Tra discarica Cemerad, area del Mar Piccolo e stabilimento Ilva, il giro compiuto a Taranto è positivo. Sul fronte delle bonifiche tutto si sta muovendo. Non si è fermi, tante cose sono state fatte, non è che si sia finito, certo, ma siamo senz’altro ad un inizio avanzato». Così Alessandro Bratti, del Pd, presidente della commissione parlamentare d’inchiesta sulle attività illecite connesse al ciclo dei rifiuti e sugli illeciti ambientali correlati, sintetizza i due giorni di sopralluoghi e audizioni compiuti a Taranto insieme ad alcuni componenti della stessa commissione.
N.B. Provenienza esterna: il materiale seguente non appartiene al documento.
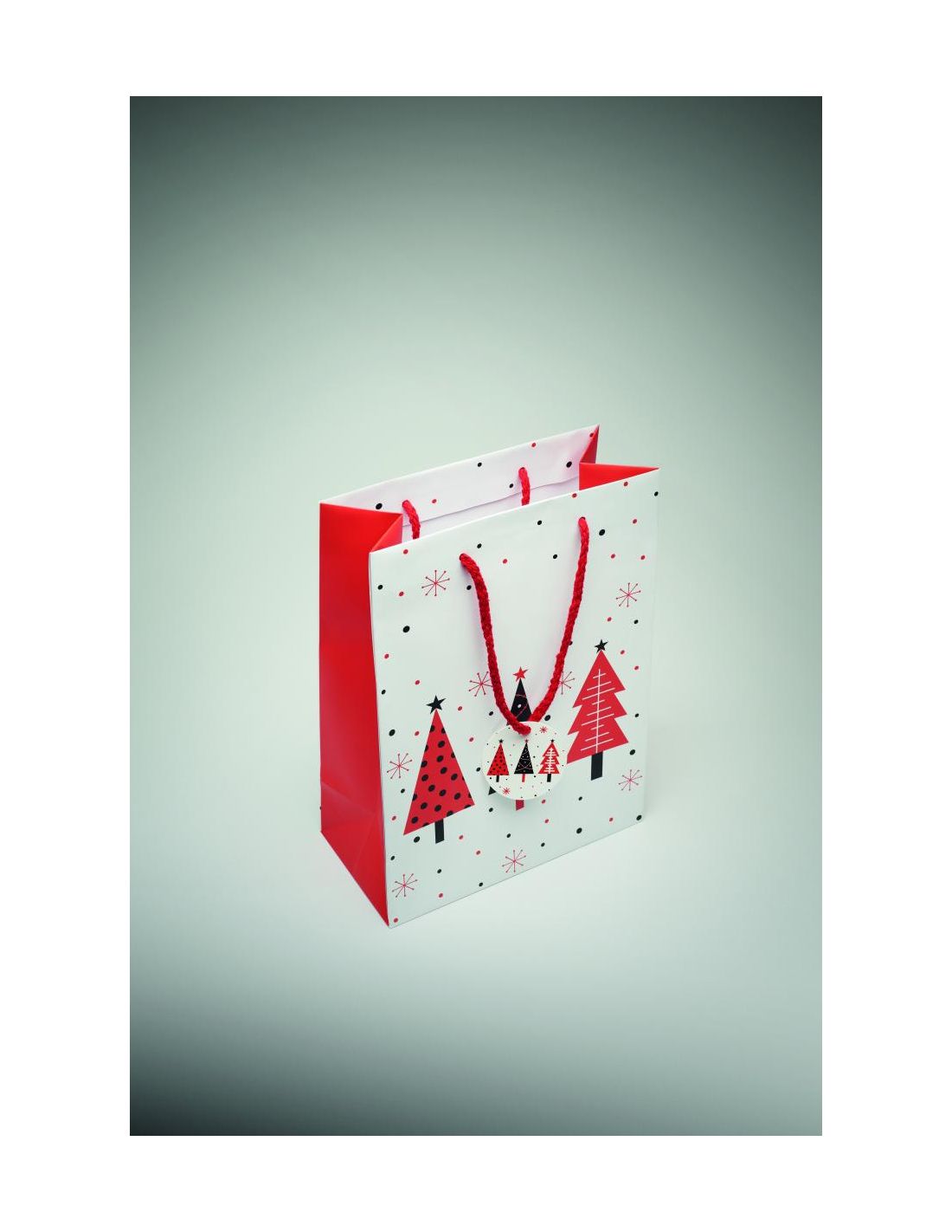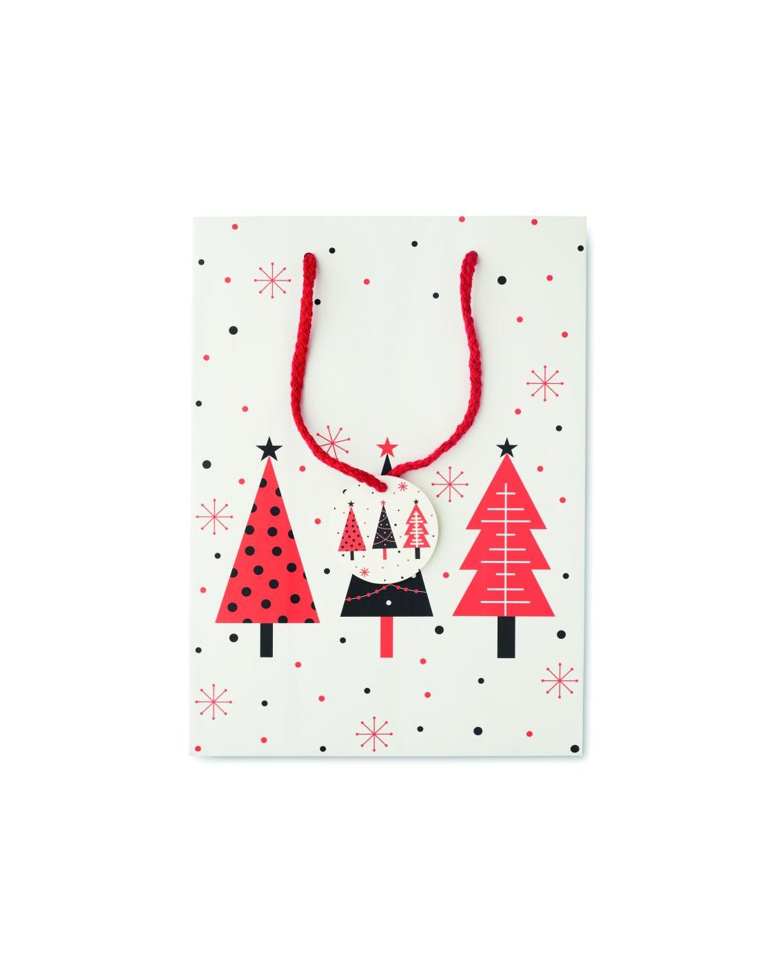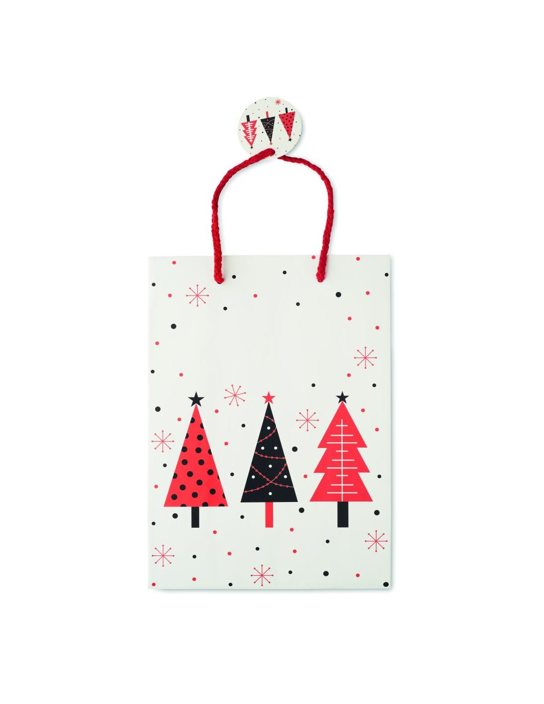 Bolsa de papel de regalo mediana de Navidad (30% reciclado) con etiqueta incluida. 150 gr/m². FSC®-certified | FSC MIX, P5.3, FSC-C213206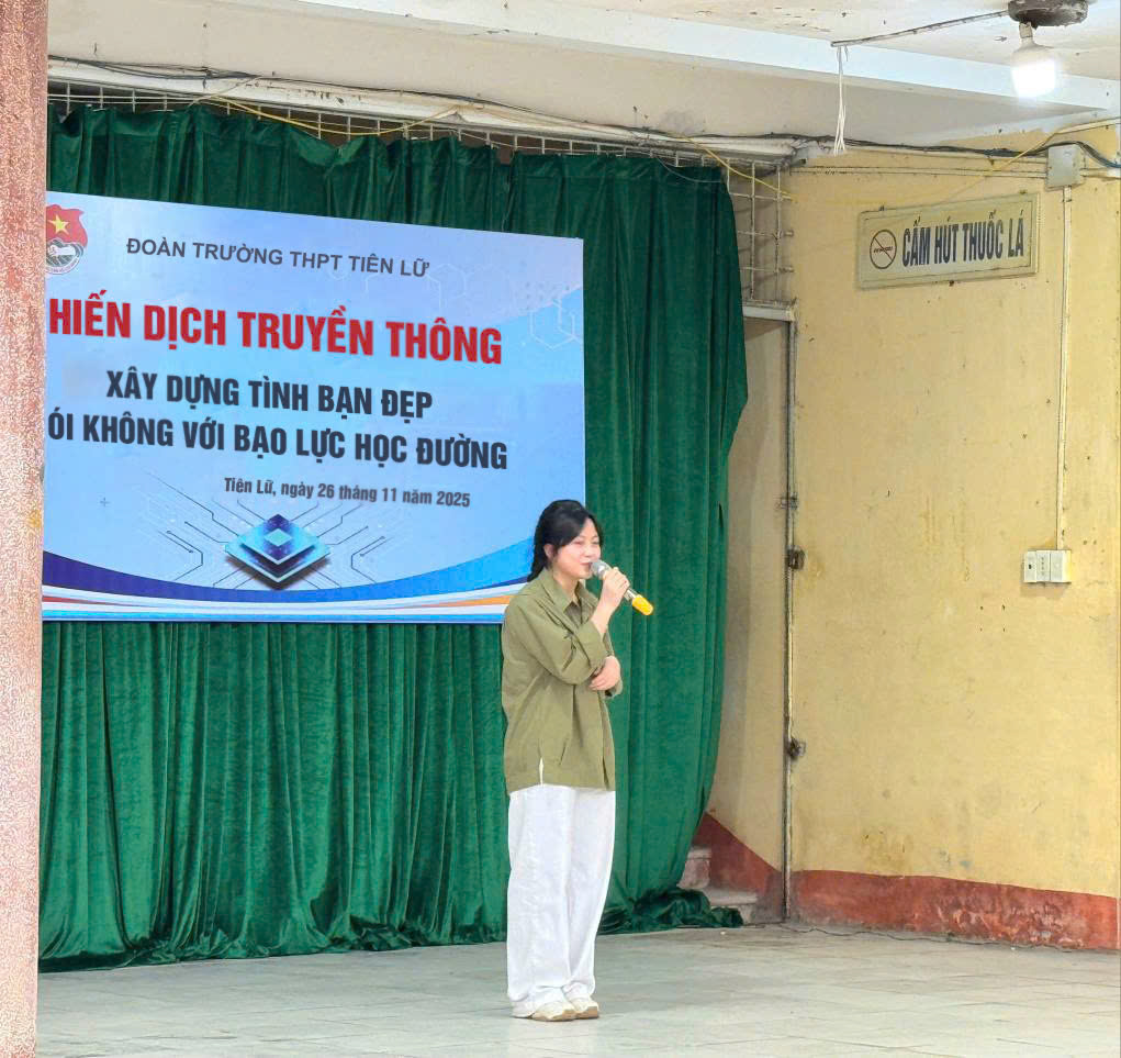 Nhằm tuyên truyền, giáo dục ý thức đạo đức, lối sống văn hóa, ngăn ngừa bạo lực học đường, định hướng xây dựng tình bạn đẹp cho học sinh; cung cấp kiến thức và sự hiểu biết về các vấn đề liên quan đến bạo lực học đường; từ đó trang bị cho học sinh những kĩ năng phòng ngừa và ngăn chặn bạo lực học đường, biết bảo vệ mình và bảo vệ bạn bè xung quanh; tạo môi trường học tập lành mạnh, thân thiện làm động lực cho học sinh đến trường mỗi ngày; Ngày 26/11/2025, Đoàn trường THPT Tiên Lữ tổ chức Chiến dịch truyền thông “Xây dựng tình bạn đẹp – Nói không với Bạo lực học đường”.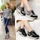 新款高帮短靴女鞋隐形内增高休闲系带百搭韩版运动厚底圆头松糕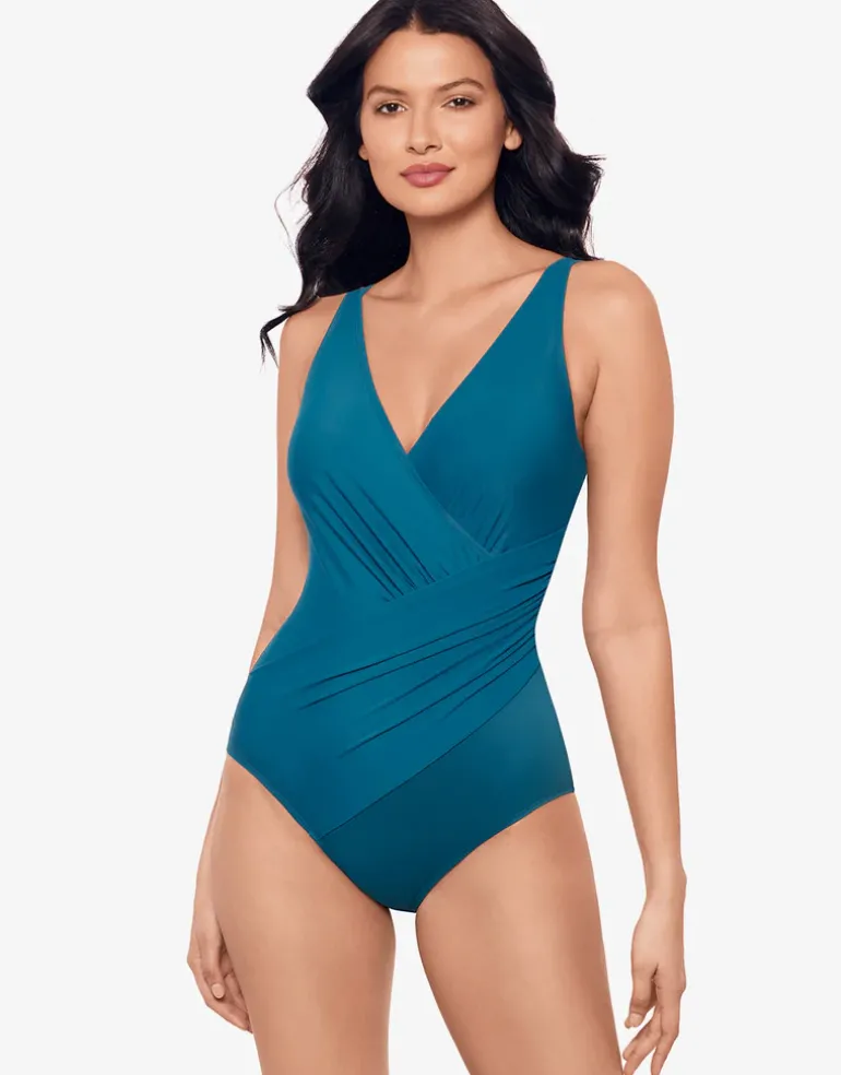 The Oceanus Swimsuit from Miraclesuit is a wonderfully flattering ladies wrap front swimsuit with soft cups, crossover panels and ruching on the tummy for greater waist-minimizing effect. The Must Haves version in Aegean colour is great option of this classic Miraclesuit style.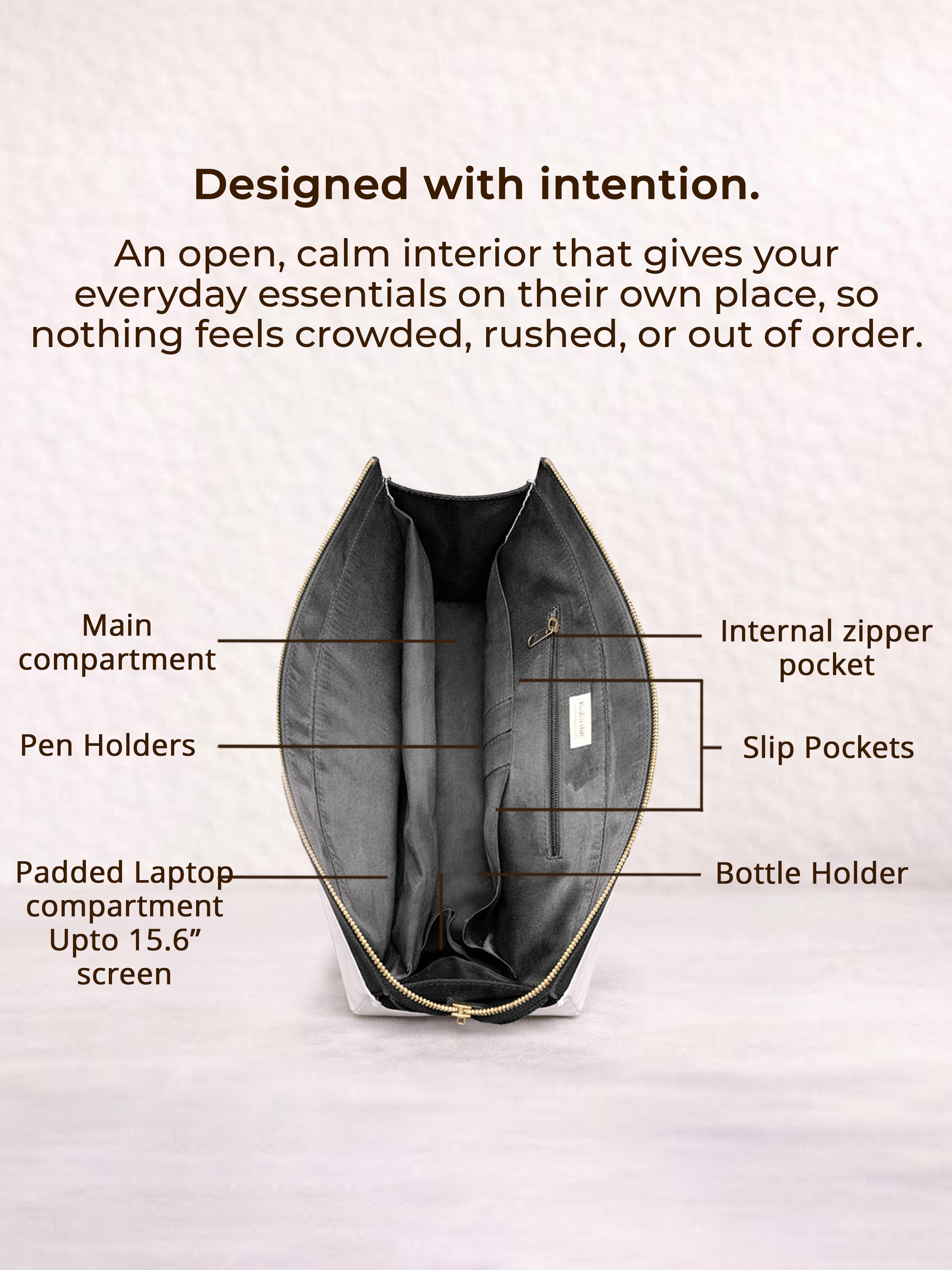 Introducing Kalankit Office Tote Bag for Women: Designed for modern work routines, this office bag for women combines practical storage with a clean, professional aesthetic. With a spacious structure measuring 41 x 11 x 34 cm, it offers ample room for daily essentials, making it an ideal tote bag for women office use and a reliable work bag for professional settings. The interior features a padded laptop sleeve to safely carry work devices, along with a dedicated bottle holder and organized compartments that help keep belongings neatly arranged throughout the day. Crafted from durable black canvas fabric, the bag is built for everyday use while maintaining a minimal, modern look suited for office environments. A secure zip closure keeps items protected during commutes, while comfortable handles allow effortless hand or shoulder carry. Lightweight yet structured, this stylish office bag fits seamlessly into daily work life, office commutes, and professional travel—making it a dependable everyday companion.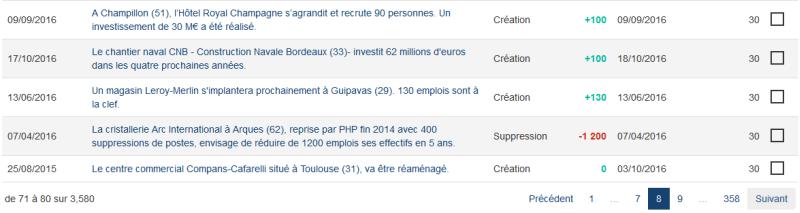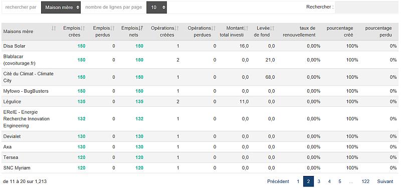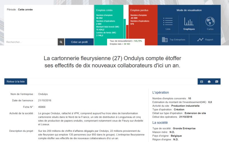 Sélectionner un secteur ou un territoire depuis 2009 et classer les entreprises présentes par nombre d'emplois créés ou supprimés, ou par montants investis : rien de plus facile avec notre nouvelle fonctionnalité "Top entreprises". Une façon originale de repérer des entreprises en croissance passées inaperçues - ou en sens inverse de metre en évidence des établissements fragiles.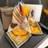 This DAYSWomen's Bohemian Square Scarf is a chic and vibrant accessory perfect for transitioning between seasons. The scarf features a soft imitation satin fabric that offers a luxurious, silk-like feel and drape. Its design showcases a sophisticated geometric print with equestrian-themed motifs, including stylized horses and carriages, set within a striking color block and patchwork pattern. The vibrant palette primarily consists of rich gold, sunny orange, beige, sky blue, and deep brown, all framed by a bold black border with contrasting stripes.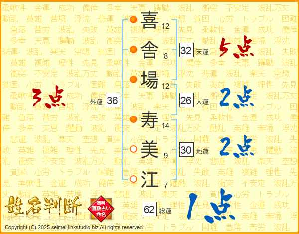 喜(12画)舎(8画)場(12画) 寿(14画)美(9画)江(7画)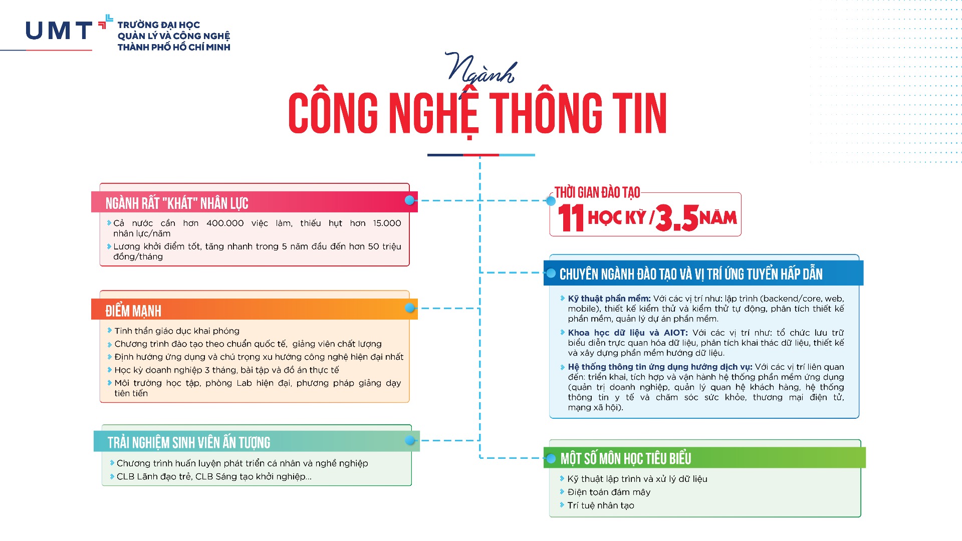 UMT's Information Technology training program is optimized for each student during the study process, ensuring accurate, successful, and best quality training; met the requirements for research, develop and apply information technology in practice. Students are trained in a modern educational foundation, a program adapted from leading universities in the world with liberal knowledge, soft skills, solid and outstanding specialized knowledge, creating added values for businesses.

«L’auspicio che esprimiamo - commenta Bratti - è che tutto adesso proceda con rapidità. D’altra parte a Taranto si sta aggredendo un problema ambientale che non è mica da poco. Non è che ci siano tante situazioni di questo genere. Si stanno quindi sperimentando delle soluzioni e degli interventi attraverso un lavoro non banale. Anzi, è un lavoro che andrà attenzionato perchè, una volta finiti gli studi sul Mar Piccolo e attivate le prescrizioni sui lavori da fare, si dovranno anche bandire degli appalti, si dovranno spendere delle risorse, e questo è un tema che si incrocia con quello della legalità e della trasparenza. Se non si verifica la conduzione degli appalti e se la gestione non viene fatta in modo oculato - osserva Bratti -, c’è sempre il rischio che si infili qualcuno poco gradito eppoi che si blocchino i lavori e questo a Taranto non possiamo permettercelo».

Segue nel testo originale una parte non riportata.